Start of Block
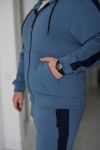 Худі прямого силуету, має зручний капюшон зі шнурками та центральну застібку-блискавку. Дві кишені кенгуру надають практичності. Низ виробу та манжети рукава на широкому трикотажному манжеті .Контрастні лампаси на рукавах і штанах роблять образ виразним та сучасним.
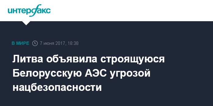 Москва. 7 июня. INTERFAX.RU - Кабинет министров Литвы решил, что строящаяся примерно в 50 километрах от Вильнюса (в белорусском Островце) Белорусская АЭС (БелАЭС) представляет угрозу национальной безопасности Литвы.
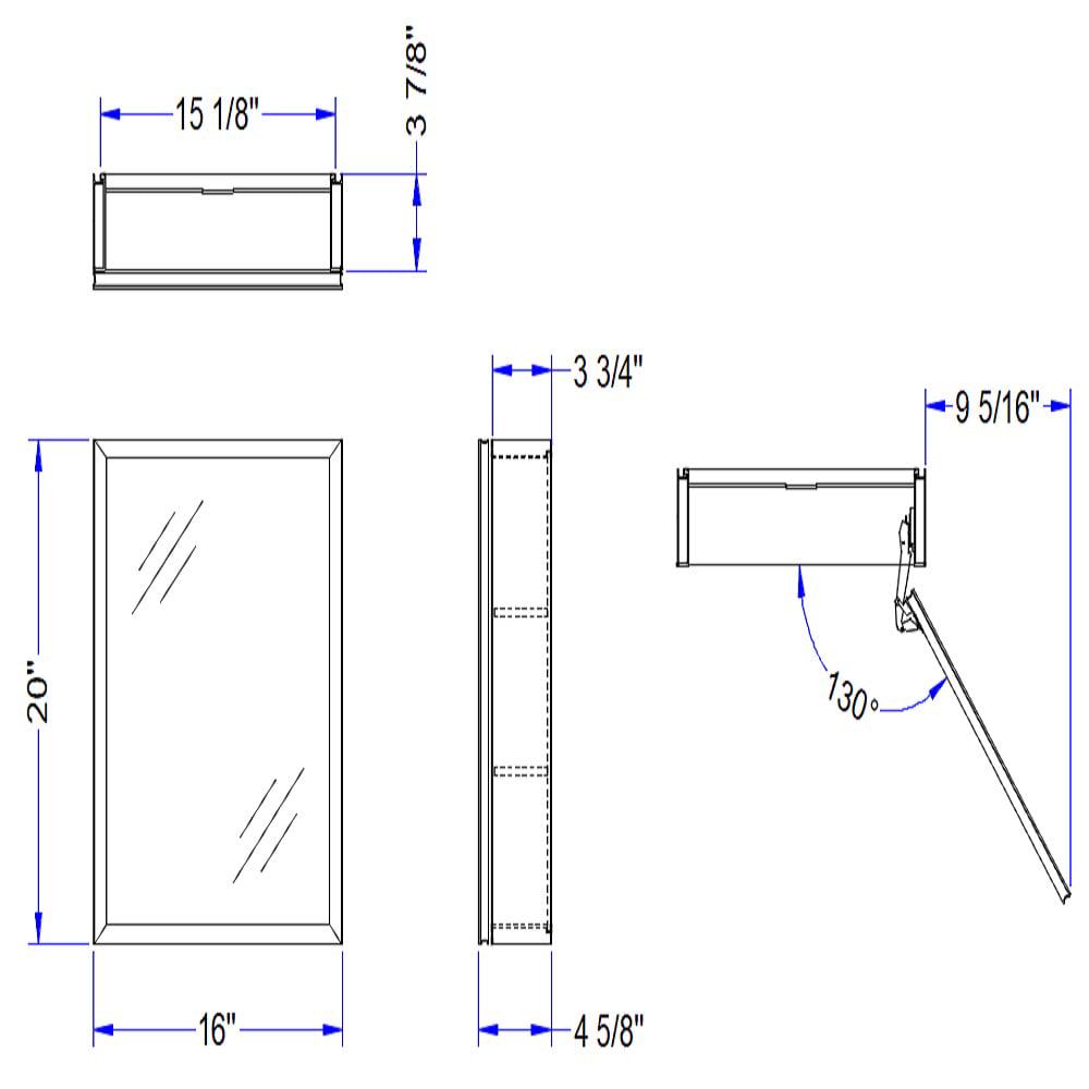 5. Polished beveled edge frameless mirrored door is reversible for left or right hand opening, fully mirrored inside the cabinet provides superior visibility
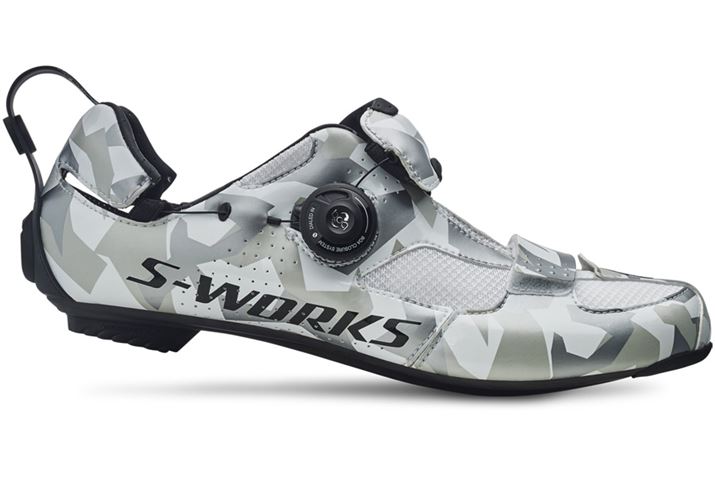 ちなみに、こちらがトライアスロン専用シューズの上位モデルであるスペシャライズドの「S-Works Trivent Triathlon Shoes」。ダイヤルを回すとワイヤーが靴を締め付ける「Boa L4クロージャシステム」を搭載しており、着脱を素早く行える。価格は39,960円(税込)
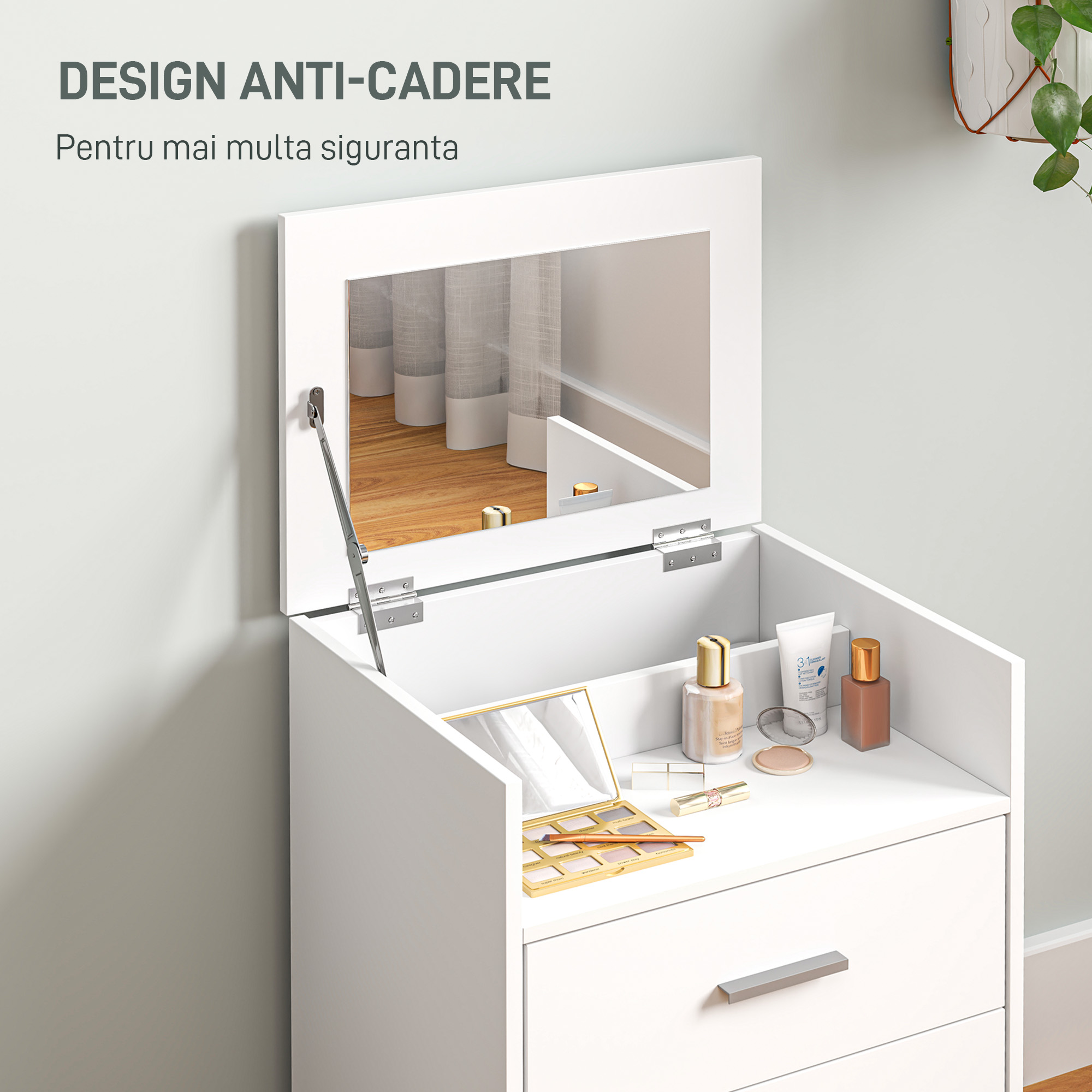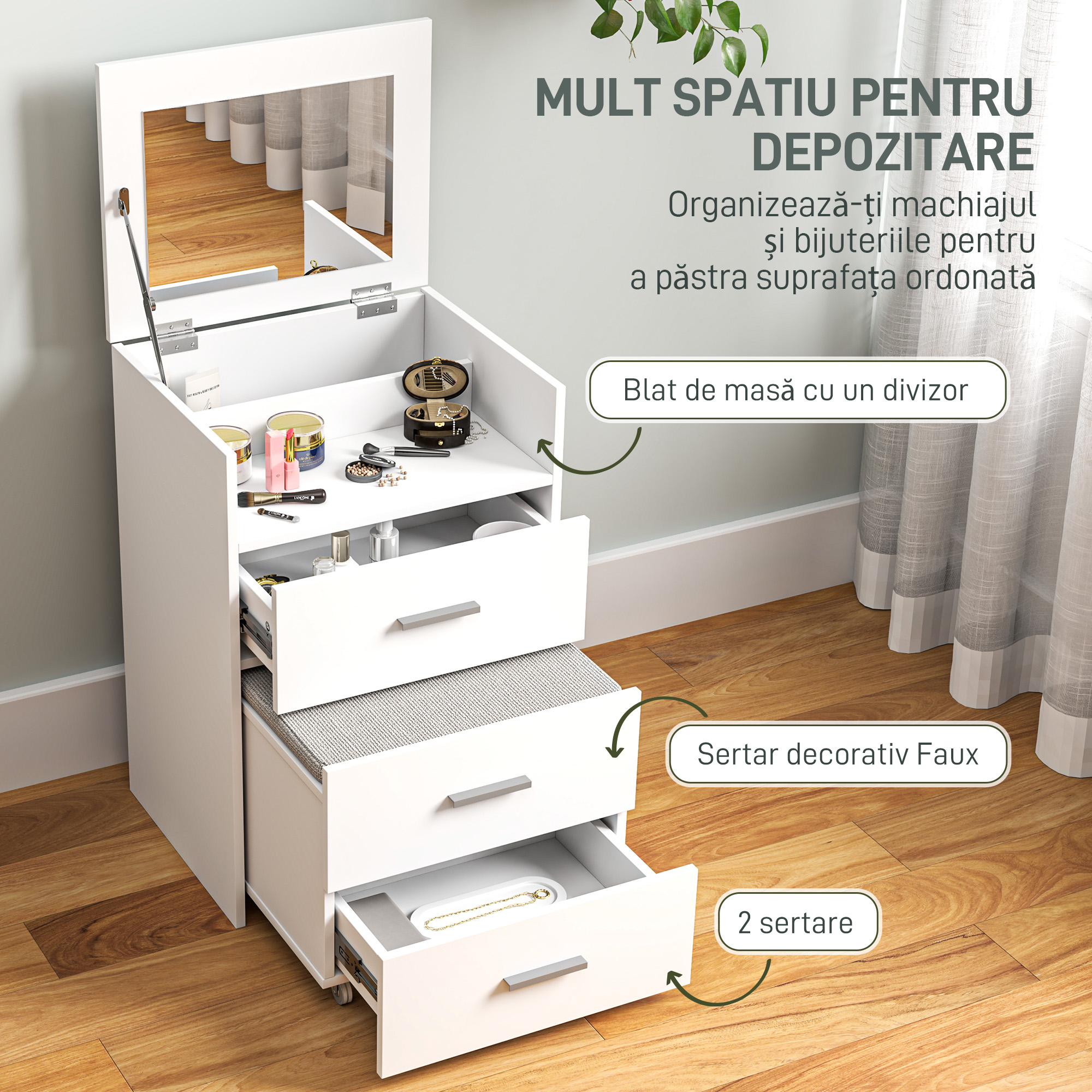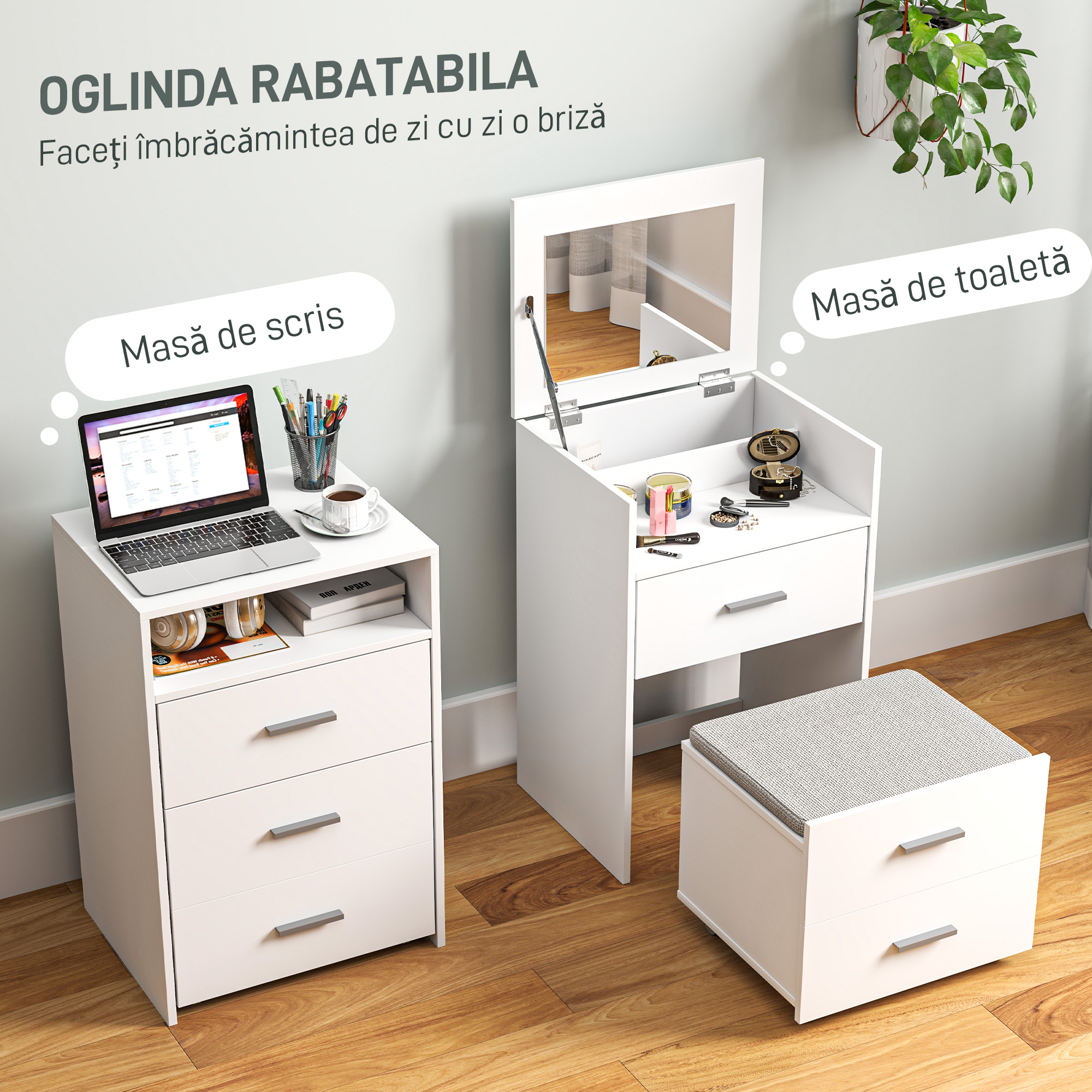 Masa de toaleta [BRAND NAME] este conceputa pentru organizarea produselor de machiaj. Dispune de oglinda rabatabila si taburet cu perna detasabila si lavabila. Designul compact este ideal pentru dormitoare mici. Blatul ofera spatiu pentru accesorii. Structura stabila asigura utilizare zilnica sigura. Culoarea alba adauga un aspect elegant. O piesa practica pentru rutina zilnica de ingrijire.
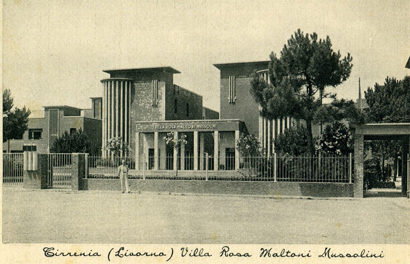 Il complesso coloniale meglio conosciuto come Villa Rosa Maltoni Mussolini risulta essere l’edificio dimensionalmente più rilevante del litorale pisano; realizzato nel 1932/35 su progetto dell’Arch. Angiolo Mazzoni; l’edificio, orientato parallelamente all’asse stradale si sviluppa tra cilindri, cubi e parallelepipedi in cemento armato di altezze diverse. Staccati dall’edificio principale, si elevano due serbatoi cilindrici attorno ai quali si sviluppa una stretta scala esterna elicoidale definita da De Chirico e da Carrà un chiaro richiamo metafisico.
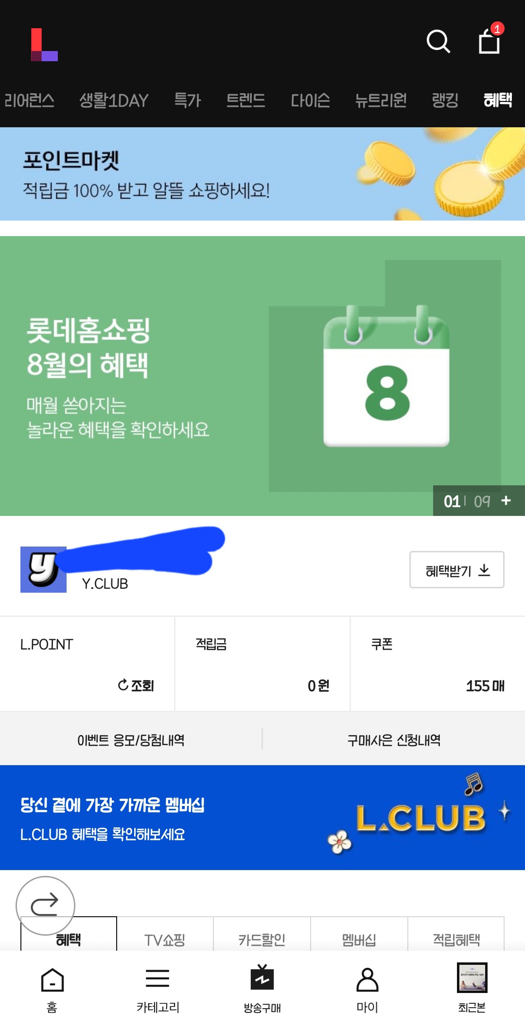 3. 롯데홈쇼핑 혜택 들어가서 와이클럽 가입해서 와이클럽 회비는 5만원!!
End of Block
Copy only what runs above from the line containing "Москва. 7 июня." through the line containing "Trivent Triathlon Shoes」。ダイヤルを回すとワイヤーが靴を締め付ける「Boa", exactly. Leave out the pictures.

 Москва. 7 июня. INTERFAX.RU - Кабинет министров Литвы решил, что строящаяся примерно в 50 километрах от Вильнюса (в белорусском Островце) Белорусская АЭС (БелАЭС) представляет угрозу национальной безопасности Литвы.
 5. Polished beveled edge frameless mirrored door is reversible for left or right hand opening, fully mirrored inside the cabinet provides superior visibility
 ちなみに、こちらがトライアスロン専用シューズの上位モデルであるスペシャライズドの「S-Works Trivent Triathlon Shoes」。ダイヤルを回すとワイヤーが靴を締め付ける「Boa L4クロージャシステム」を搭載しており、着脱を素早く行える。価格は39,960円(税込)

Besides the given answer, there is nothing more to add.